EDIT: The only time I will bar mount my light now is when I am using my bike for transport at night. Yes, a bright ass light may be overkill for just riding to the bar, but you wouldn't believe how cars respond to it (compared to a wimpie Knog light that I used to use). I now feel light I can ride with confidence in the city.

Ryan



carguy4471 said:


> I'm not the kind of rider that's going to drop massive coin on lights, but want some decent equipment. Due to this fact, I will be buying either a handlebar OR helmet light to start. I wanted to get some input on which one i should invest in first. The other one will be purchased down the road.
> 
> Thanks all!!!


----------



## mack_turtle (Jan 6, 2009)

if you're into flashlights, check out Solarforce stuff. these are getting stellar reviews on Candlepowerforums (do a search on CPF for Solarforce in thread titles) and they are a lot cheaper.

Solarforce L2i host (silver or sand colored)- $8
Solarforce XPG R5 0.8-4.2v, 3-mode drop-in (up to 300 lumens) $15
handlebar mount-$5

the L2i is made to be used with 3 AAA batteries, but many people have been able to run it on a single 18650 rechargeable Li-ion battery just fine. you can buy four of those little flashlight hosts, drop-ins, batteries, and two handlebar mounts for $135 from www.Solarforce-sales.com, (all you need is a helmet mounting system) then continue to upgrade and customize the system with new LEDs, additional batteries, stainless steel parts, etc. any you can use them with AAA or 18650 batteries, and use them around the house, camping, in the car, for home defense, etc. I am about to buy a set of them as soon as I get paid for a writing gig I just did.

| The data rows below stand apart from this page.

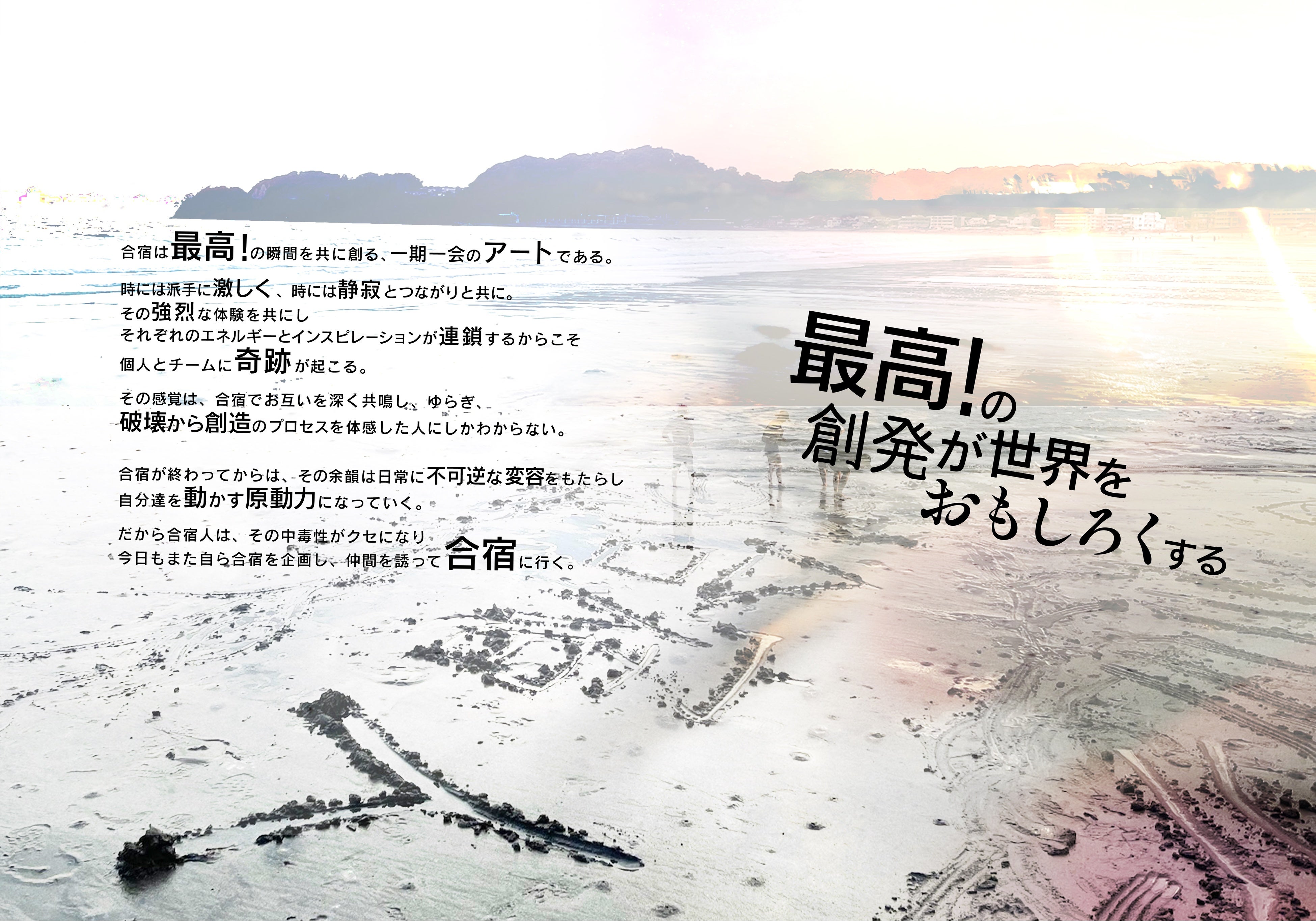 この合宿が好きで、最高の合宿体験から自分やチームに変革を起こす人たちを「合宿人」と呼び、最高の合宿を提供すると共に、その体験ストーリーとナレッジを集めて発信することを通して、最高の合宿というムーブメントから文化をつくっていきます。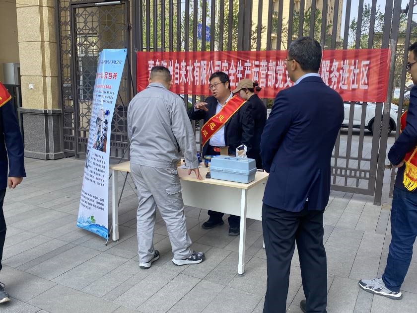 4月27日上午,青岛胶州自来水有限公司公司以习近平新时代中国特色社会主义思想主题教育活动为契机,组织党员、职工10余人到胶州市中云街道办事处天泰幸福里小区,开展“供水服务进社区”志愿服务活动,切实将暖心贴心用心的优质供水服务带进辖区内的千家万户。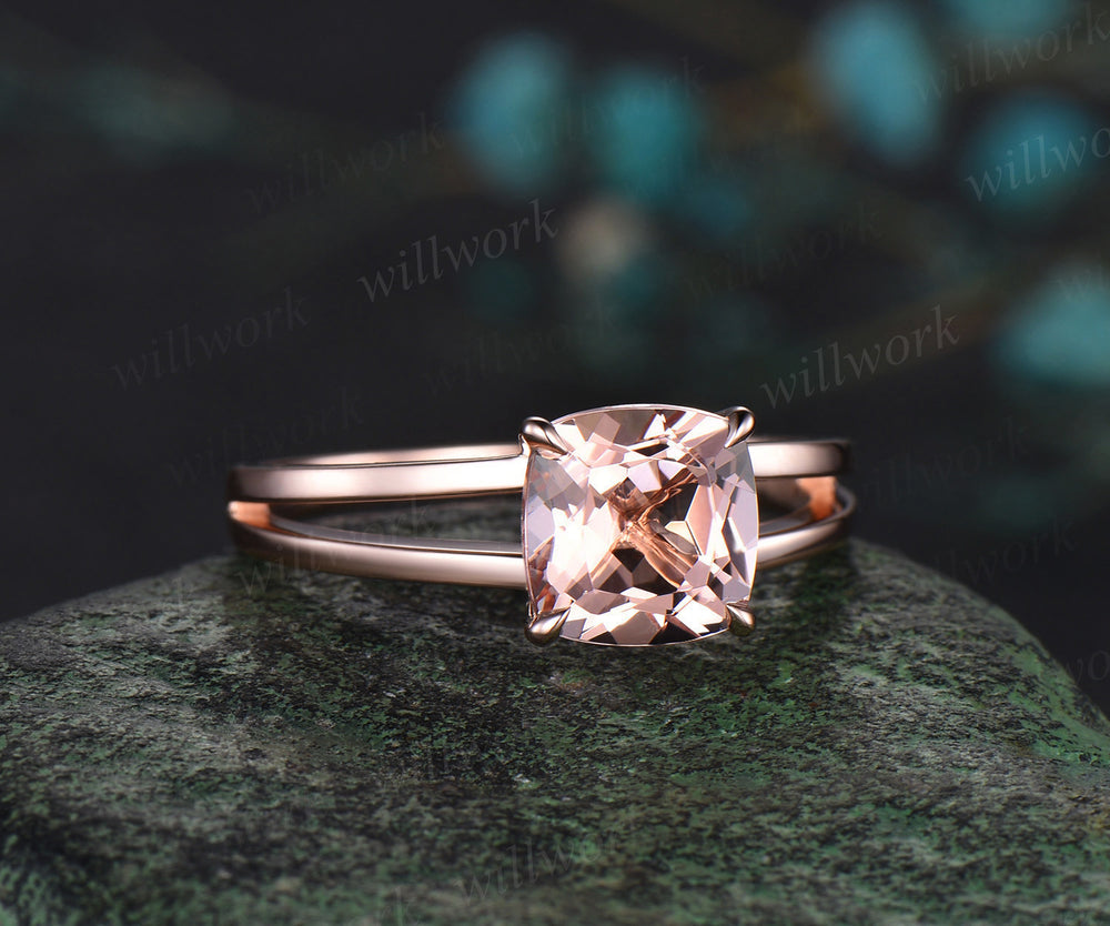 14k rose gold Cushion Cut Morganite Engagement Ring pink jewelry Unique Ring For Her

this stuff is a lot better in quality than anything on Dealextreme and, although it's shipped from Hong Kong, I have heard that they ship a LOT faster than DX.


----------



## SuperJETT (May 28, 2008)

geek81 said:


> Is this one worth the extra $2-3 more?
> 
> http://www.dealextreme.com/details.dx/sku.50319


I have no idea, the 39359 are the only ones I have.


----------



## cdouble (Jul 24, 2007)

Spend as much as you can afford and make it a helmet mount.

I cheaped out my first time and spend $120 on NR halogen (about 6 years ago). It was OK, but within a year I spent $350 to get a Dinotte LED setup. The NR just sits in the garage now, I wish I had spent the money at the beginning.

If only one light, then make it helmet mount. Your helmet light will be pointed where your eyes are pointed, which is more that you can say for your handlebars. But really you should consider 2 lights, one for the helmet and one for the bar.

Chris


----------



## mack_turtle (Jan 6, 2009)

geek81 said:


> Is this one worth the extra $2-3 more?
> 
> http://www.dealextreme.com/details.dx/sku.50319


1. DX can take a loooong time to ship. sometimes it's not so bad, but my brother ordered some stuff and it took over five months!

2. Ultrafire stuff is not that great. if you want Ultrafire stuff, get a P60 dropin light like the wf-501b. or go Solarforce.


----------



## carguy4471 (Nov 24, 2010)

cdouble said:


> Spend as much as you can afford and make it a helmet mount.
> 
> I cheaped out my first time and spend $120 on NR halogen (about 6 years ago). It was OK, but within a year I spent $350 to get a Dinotte LED setup. The NR just sits in the garage now, I wish I had spent the money at the beginning.
> 
> ...


I will at some point, probably not in the too distant future, have two lights. But because I don't want to go too cheap, I'm only ordering one for the time being. I just wasn't sure which to start with.

I can't say as I'm keen on the DX idea. Although the cost savings is an attractive one I would much prefer to have something purpose built and reviewed by members of the community on a larger scale.

Some of the lights I see folks talk about are very spendy, to the point I wouldn't even consider buying them. I think under $200 is a must, closer to $100 per light would be preferable.

Are any of the MS lights sold on DX worth the $$?? They claim 900 lumens but I don't buy that for a second. The mounts don't look fantastic either. A wonky little band, really?

I've also been looking at cygolite mitycross stuff a little. What else should I be considering?


----------



## mack_turtle (Jan 6, 2009)

read the thread "magicshine announcement." geoman is temporarily stopped selling them because the batteries were junk. my vote still goes for some quality, inexpensive flashlights like Solarforce. get one of those Two Fish blocks to mount it on your helmet and you're set.


----------



## SuperJETT (May 28, 2008)

Under $100/light gets you down to flashlight territory if you want any real brightness, but 'good' flashlight territory.

Here's a crappy blackberry shot from Saturday night of my 3 DX mc-3 lights. It's really very bright in person, especially with the snow.


----------